──────── Data for processing ────────
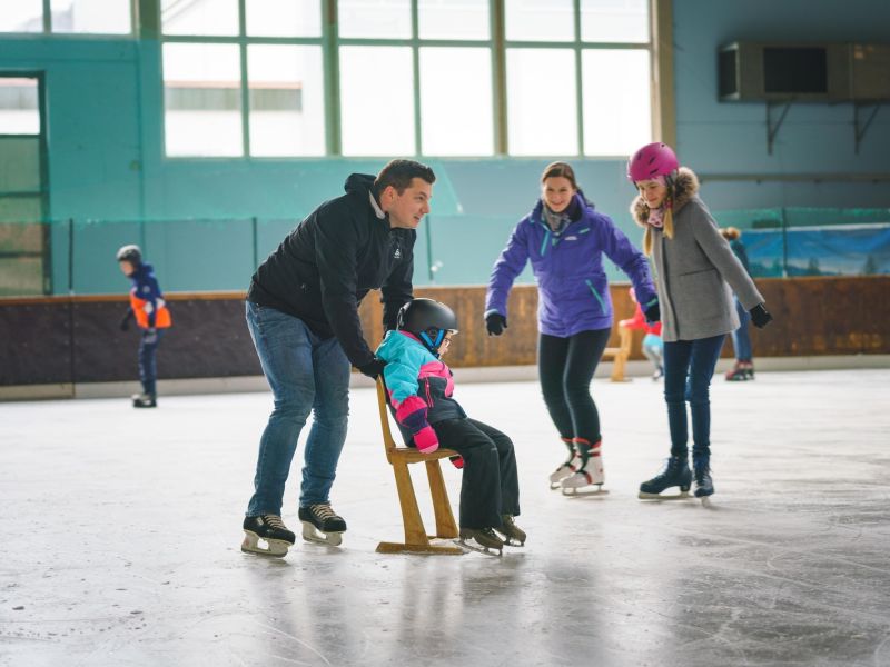 Schlittschuhe und Eisstöcke können vor Ort ausgeliehen werden. Zum Eisstockschießen bitte im Vorhinein anmelden.
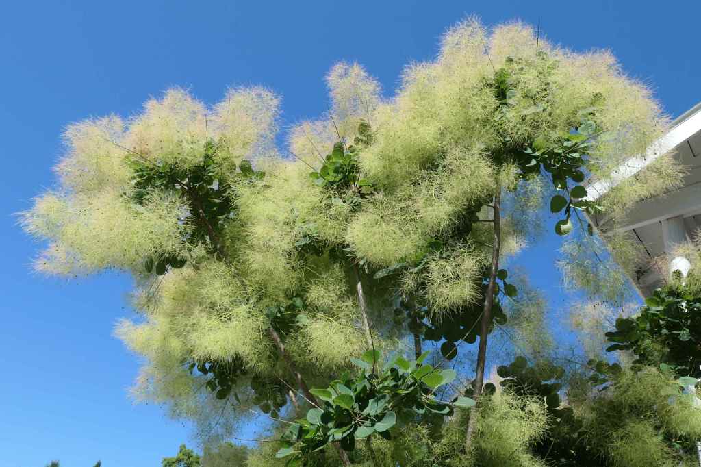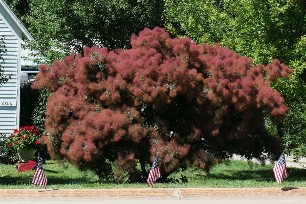 The fluffs eventually turn bright red, then fall off & blow down the street like little tumbleweedsThere’s a much larger one across the street that’s already turned redSmokebush Trees – Very interesting!
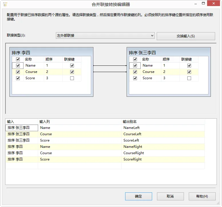 连接类型为:左外部连接。左边为【排序_张三李四】,为第一个输入。
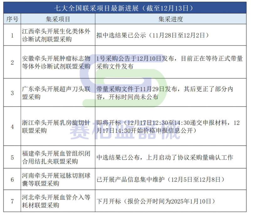 12月12日,深圳公共資源交易中心發布《深圳公共資源交易中心關于公示超聲刀頭和預充式導管沖洗器集中帶量采購協議期滿接續采購企業間關系的通知》(名單見文末),于2024年12月12日-2024年12月17日17:00進行公示。
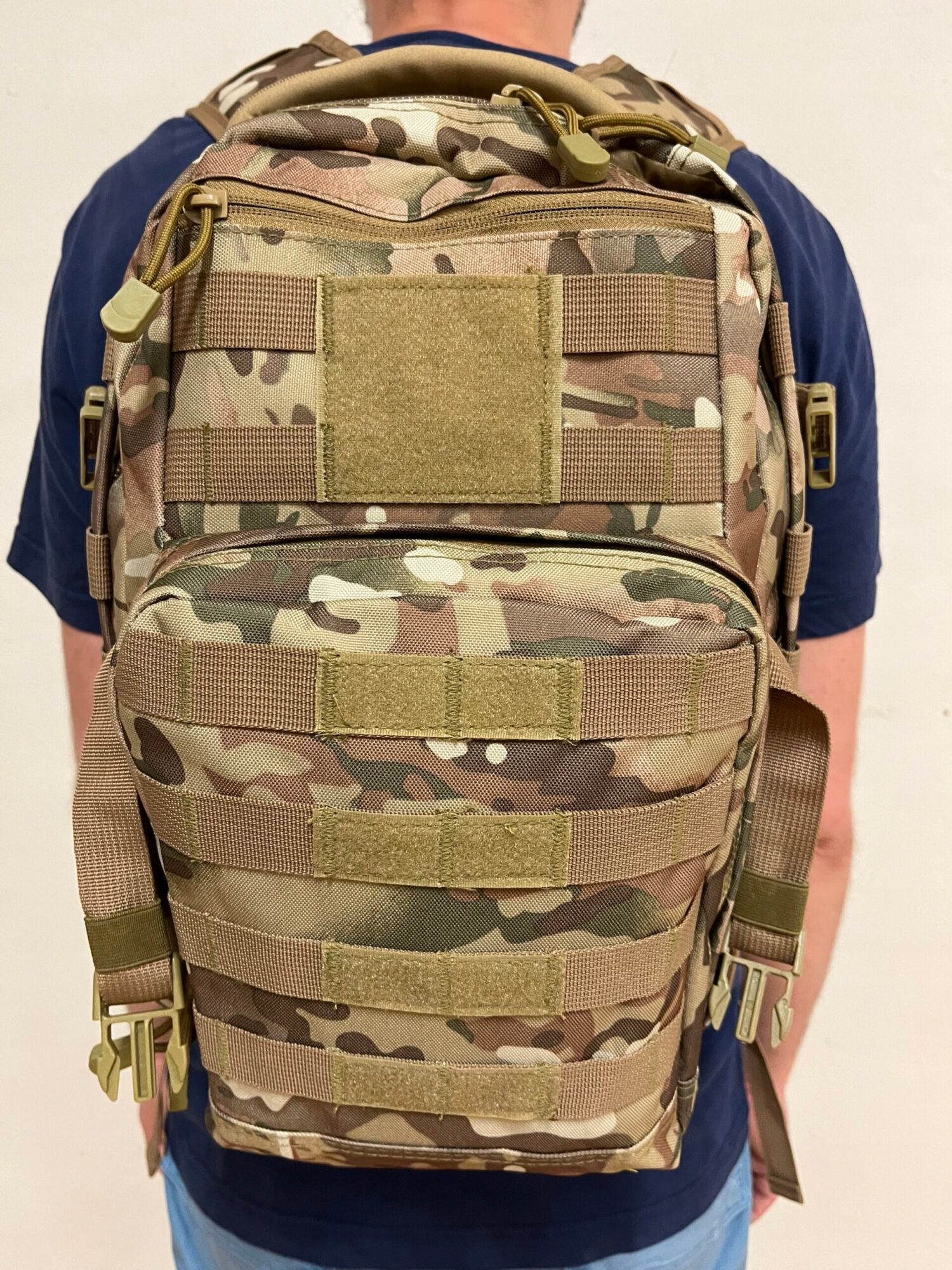 Компактный, качественный и очень эргономичный рюкзак. Сохраняет форму и имеет дополнительные лямки для комфортного ношения. Мягкие лямки и анатомический наполнитель сзади, множество отделений на молниях для полезных тактических и гражданских вещей, система MOLLE для крепления дополнительного снаряжения, места-липучки спереди и на лямках. В целом это один из лучших небольших тактических рюкзаков.
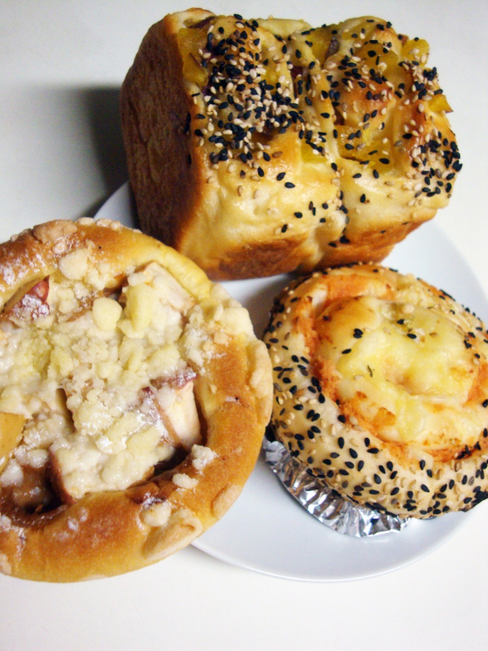 さつまいもとゴマのパン、鮭とゴマのパン、ポム・ド・クーヘン。
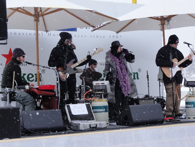 Les musiciens se réchauffent avec des bouteilles de gaz !
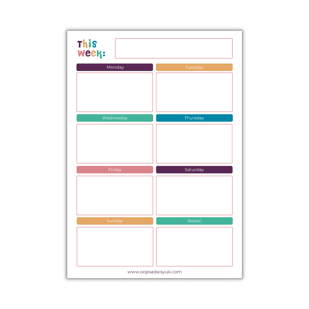 Our weekly planner is downloadable as a high quality PDF for you to print at home.
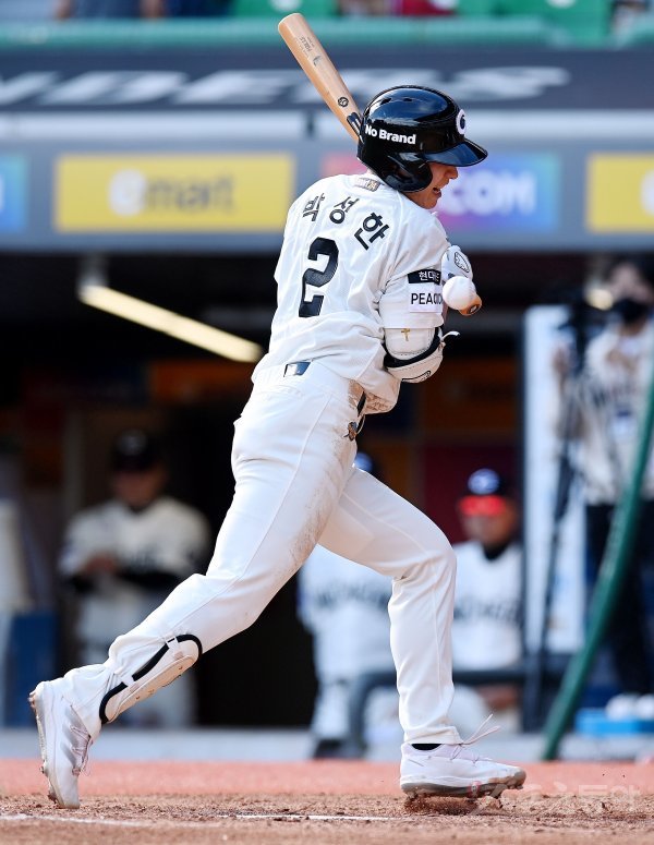 25일 인천 SSG 랜더스필드에서 ‘2022 신한은행 SOL KBO리그’ SSG 랜더스와 LG 트윈스의 경기가 열렸다. 5회말 1사에서 SSG 박성한이 투구에 맞고 있다.
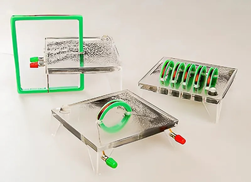 Набор предназначен для демонстрации методом проецирования линий индукции магнитного поля тока в зависимости от формы проводника: прямого, кольцеобразного и катушки.
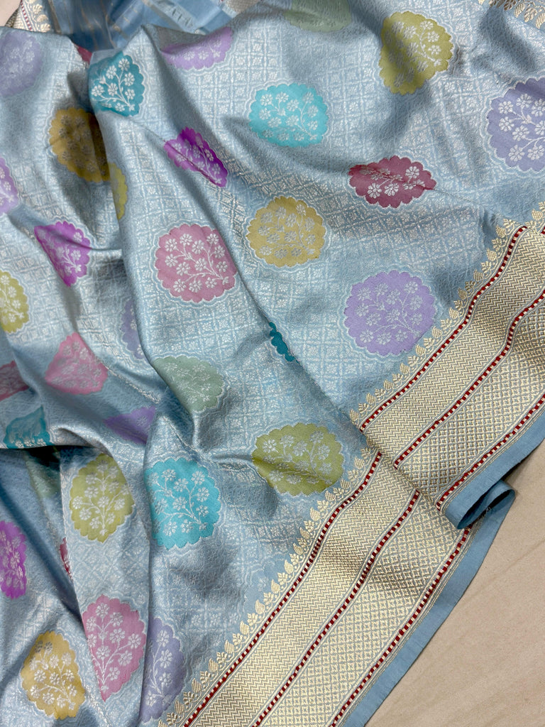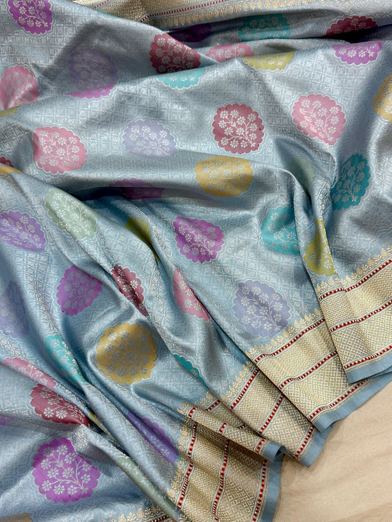 Pure katan silk Handwoven all over silver zari Tanchoi base and multicolour rangkat bootas with rich border and pallu weave very much exclusive piece of Banarasi saree
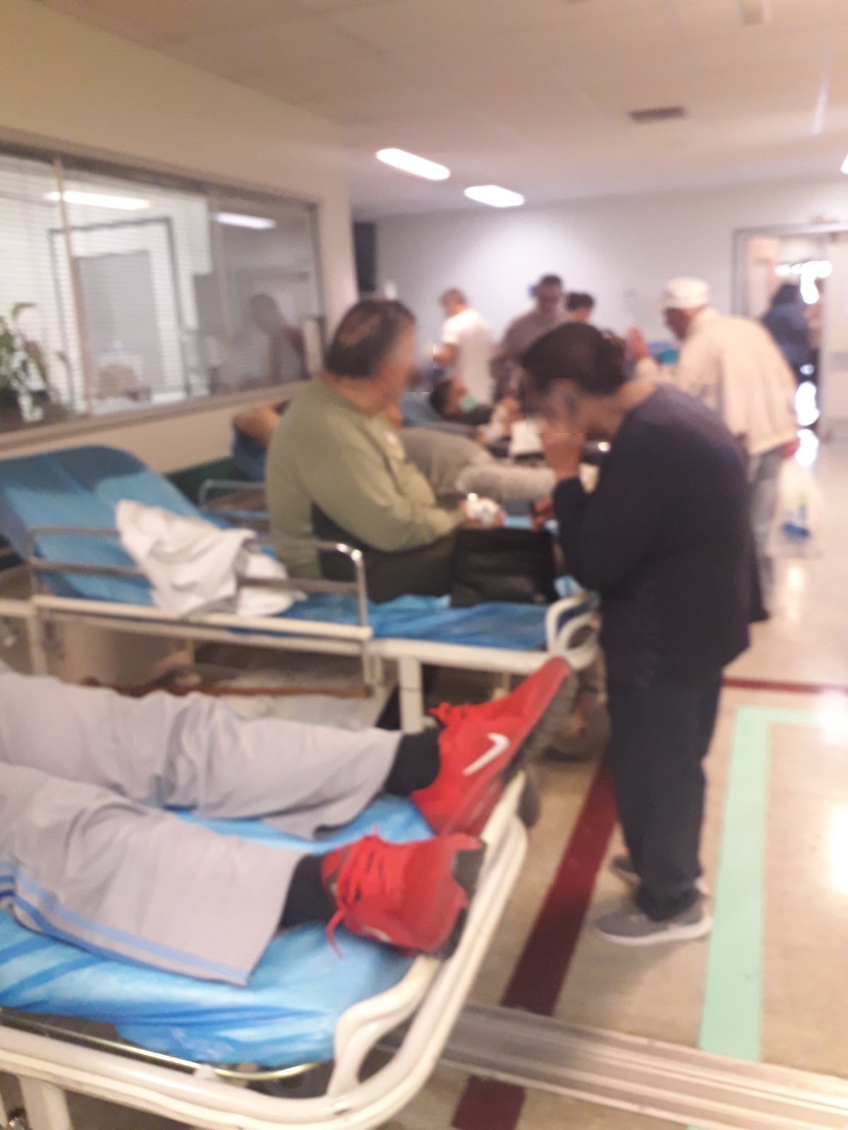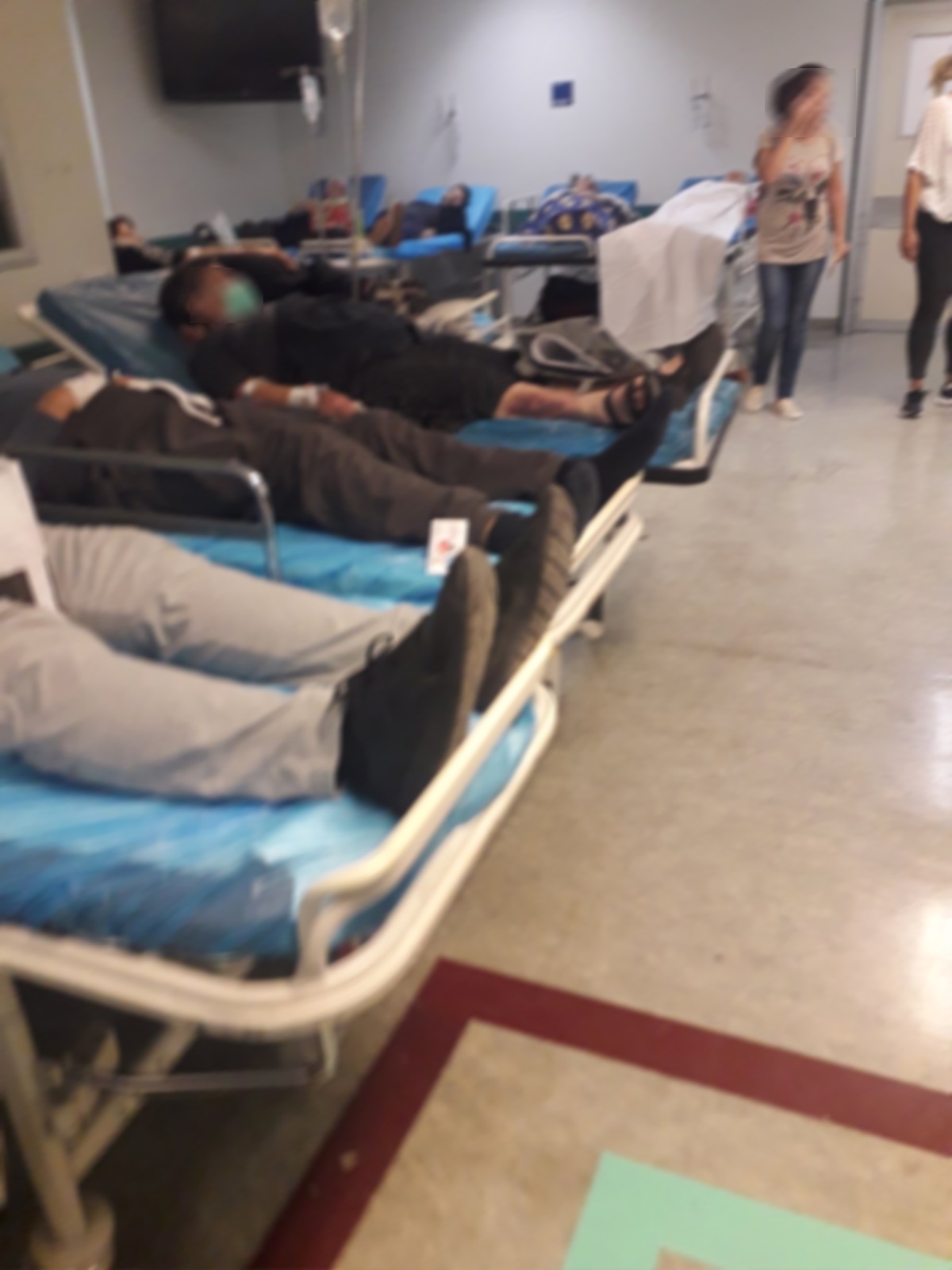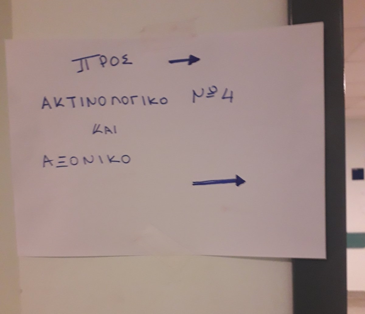 Οι ουρές αναμονής στα φορεία είναι τεράστιες, καθώς μεσολαβεί απόσταση από το Τμήμα Επειγόντων έως το κοντινότερο ακτινοδιαγνωστικό τμήμα του νοσοκομείου, στο οποίο πρέπει να μεταφερθούν οι ασθενείς ώστε να υποβληθούν στις επείγουσες διαγνωστικές εξετάσεις, δηλαδή σε ακτινογραφία και αξονική τομογραφία. Ελλείψει τραυματιοφορέων μάλιστα, πολλοί συγγενείς αναγκάζονται να μετακινούν οι ίδιοι τα φορεία και τα αμαξίδια μέχρι το ακτινοδιαγνωστικό τμήμα.
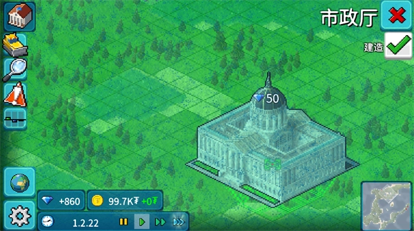 (1)市政厅解锁后,按「住宅→道路→水电→服务」的顺序建设,避免居民流失:
────────
### Task prompt
Return verbatim every line from the one holding "Pure katan silk" to the end of the records above. Do not copy the pictures.

### Your solution
 Pure katan silk Handwoven all over silver zari Tanchoi base and multicolour rangkat bootas with rich border and pallu weave very much exclusive piece of Banarasi saree
 Οι ουρές αναμονής στα φορεία είναι τεράστιες, καθώς μεσολαβεί απόσταση από το Τμήμα Επειγόντων έως το κοντινότερο ακτινοδιαγνωστικό τμήμα του νοσοκομείου, στο οποίο πρέπει να μεταφερθούν οι ασθενείς ώστε να υποβληθούν στις επείγουσες διαγνωστικές εξετάσεις, δηλαδή σε ακτινογραφία και αξονική τομογραφία. Ελλείψει τραυματιοφορέων μάλιστα, πολλοί συγγενείς αναγκάζονται να μετακινούν οι ίδιοι τα φορεία και τα αμαξίδια μέχρι το ακτινοδιαγνωστικό τμήμα.
 (1)市政厅解锁后,按「住宅→道路→水电→服务」的顺序建设,避免居民流失:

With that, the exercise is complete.